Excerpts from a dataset

▬▬▬▬▬▬

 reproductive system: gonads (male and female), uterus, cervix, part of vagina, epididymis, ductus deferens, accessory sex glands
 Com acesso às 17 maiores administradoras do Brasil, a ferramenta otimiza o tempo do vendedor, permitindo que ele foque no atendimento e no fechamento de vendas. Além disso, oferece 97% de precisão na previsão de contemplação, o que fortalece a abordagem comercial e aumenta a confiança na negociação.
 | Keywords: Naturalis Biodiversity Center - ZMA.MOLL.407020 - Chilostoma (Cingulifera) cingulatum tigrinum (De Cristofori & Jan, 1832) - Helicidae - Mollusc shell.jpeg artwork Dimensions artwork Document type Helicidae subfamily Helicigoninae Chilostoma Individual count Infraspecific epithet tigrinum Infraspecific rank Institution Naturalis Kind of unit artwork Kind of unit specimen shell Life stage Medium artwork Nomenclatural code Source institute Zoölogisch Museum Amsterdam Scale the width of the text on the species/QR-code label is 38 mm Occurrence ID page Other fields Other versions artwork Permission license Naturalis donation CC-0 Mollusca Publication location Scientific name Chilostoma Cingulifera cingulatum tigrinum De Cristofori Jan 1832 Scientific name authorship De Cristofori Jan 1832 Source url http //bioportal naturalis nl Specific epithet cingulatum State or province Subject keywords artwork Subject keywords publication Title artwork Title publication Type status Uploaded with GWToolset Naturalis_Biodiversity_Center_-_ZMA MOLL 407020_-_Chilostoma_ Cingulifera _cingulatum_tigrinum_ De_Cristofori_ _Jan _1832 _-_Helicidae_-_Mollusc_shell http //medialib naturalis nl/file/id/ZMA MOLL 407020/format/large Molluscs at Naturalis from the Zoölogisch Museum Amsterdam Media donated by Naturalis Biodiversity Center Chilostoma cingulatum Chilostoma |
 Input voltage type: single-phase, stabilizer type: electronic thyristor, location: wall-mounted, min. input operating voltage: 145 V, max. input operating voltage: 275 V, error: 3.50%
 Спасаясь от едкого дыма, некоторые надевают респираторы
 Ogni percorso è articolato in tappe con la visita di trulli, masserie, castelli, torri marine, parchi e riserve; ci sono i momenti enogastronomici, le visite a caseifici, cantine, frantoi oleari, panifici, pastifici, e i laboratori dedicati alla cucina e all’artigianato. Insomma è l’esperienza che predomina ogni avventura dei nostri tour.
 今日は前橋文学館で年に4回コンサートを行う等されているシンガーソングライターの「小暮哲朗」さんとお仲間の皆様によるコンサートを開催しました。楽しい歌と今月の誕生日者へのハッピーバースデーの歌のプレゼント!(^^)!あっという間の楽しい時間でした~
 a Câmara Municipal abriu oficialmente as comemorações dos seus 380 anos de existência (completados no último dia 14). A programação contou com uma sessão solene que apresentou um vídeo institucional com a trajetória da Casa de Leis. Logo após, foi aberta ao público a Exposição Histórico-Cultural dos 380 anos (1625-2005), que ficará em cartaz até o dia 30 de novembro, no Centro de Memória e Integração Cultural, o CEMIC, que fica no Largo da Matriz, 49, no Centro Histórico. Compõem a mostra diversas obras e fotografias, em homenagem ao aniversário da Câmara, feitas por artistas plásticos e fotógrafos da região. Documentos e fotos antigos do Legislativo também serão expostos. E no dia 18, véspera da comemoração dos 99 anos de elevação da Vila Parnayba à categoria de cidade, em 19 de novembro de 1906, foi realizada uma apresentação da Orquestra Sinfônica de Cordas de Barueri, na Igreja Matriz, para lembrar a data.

▬▬▬▬▬▬

Task requirements: Return exactly the line that contains "今日は前橋文学館で年に4回コ" and every line after it, through the last line of the records.

Answer to this problem:
 今日は前橋文学館で年に4回コンサートを行う等されているシンガーソングライターの「小暮哲朗」さんとお仲間の皆様によるコンサートを開催しました。楽しい歌と今月の誕生日者へのハッピーバースデーの歌のプレゼント!(^^)!あっという間の楽しい時間でした~
 a Câmara Municipal abriu oficialmente as comemorações dos seus 380 anos de existência (completados no último dia 14). A programação contou com uma sessão solene que apresentou um vídeo institucional com a trajetória da Casa de Leis. Logo após, foi aberta ao público a Exposição Histórico-Cultural dos 380 anos (1625-2005), que ficará em cartaz até o dia 30 de novembro, no Centro de Memória e Integração Cultural, o CEMIC, que fica no Largo da Matriz, 49, no Centro Histórico. Compõem a mostra diversas obras e fotografias, em homenagem ao aniversário da Câmara, feitas por artistas plásticos e fotógrafos da região. Documentos e fotos antigos do Legislativo também serão expostos. E no dia 18, véspera da comemoração dos 99 anos de elevação da Vila Parnayba à categoria de cidade, em 19 de novembro de 1906, foi realizada uma apresentação da Orquestra Sinfônica de Cordas de Barueri, na Igreja Matriz, para lembrar a data.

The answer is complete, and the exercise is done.